= Khan Jajja =

Khan Jajja is a village in Sialkot Tehsil, Sialkot District, Punjab, Pakistan.

Jajja (जज्ज) Jaja (जज) is a Muslim Jat clan found in Pakistan. Jaji (जजी) clan is also found in Afghanistan.[1]

==Genealogy of Jajja==

H.A. Rose[2] provides us the following genealogy as given by the Mirasi at Pandndwala in the Chiniot Tahsil of the Jhang District : —

Punwar. → Udadip. → Jagdeo.→ Karral.→ Gaidal.→ Sulangi. → Vimian. → Butta.→ Aira.→ Jajja.→ Jaisal.→ Ranu. → Khiva. → Kharral.→ Buddh.→ Gaddan.→ Deore.→ Udrath.→ Sareg.→ Jagsin. → Kaulra. → Vasu. + Visa.

==History==

Jajjah (जज्जाह) (and) Jathol (जथोल ), a tribe of Jats, found in Sialkot.
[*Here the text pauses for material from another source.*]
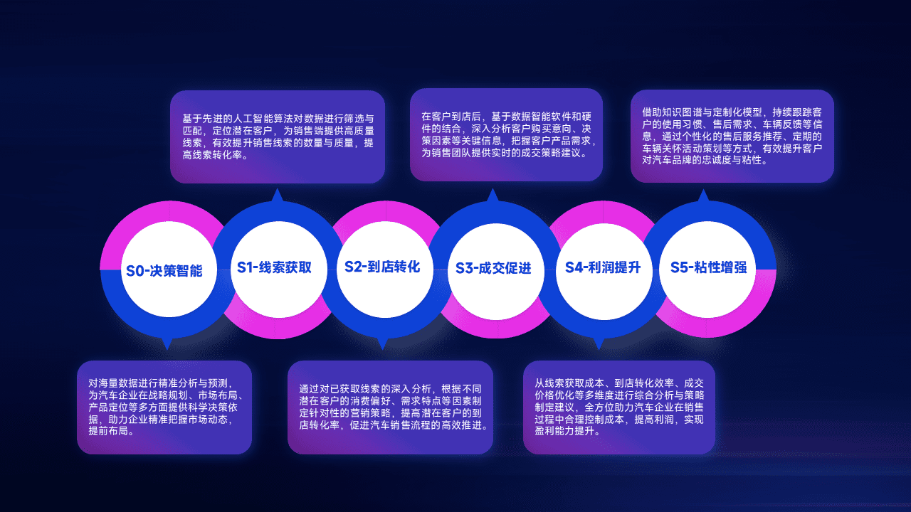 通过拓宽潜在客户来源、、优化线索分配并提高到店转化率,,,以增强销售效率。。。同时,,,,利用线索数据不断优化分析模型,,,,有效提升转化率,,,,扩大营销影响力。。。

They claim Solar Rajput origin and say that their ancestor, Jam, migrated from Multan. His two sons Jaj and Jathol founded villages in the Pasrur tahsil of Sialkot. Their mirasis are Posla, their Brahmans Badhar and their nais Khokhar by got. According to the Customary Law of Sialkot the Jajjah is distinct from the Jathaul.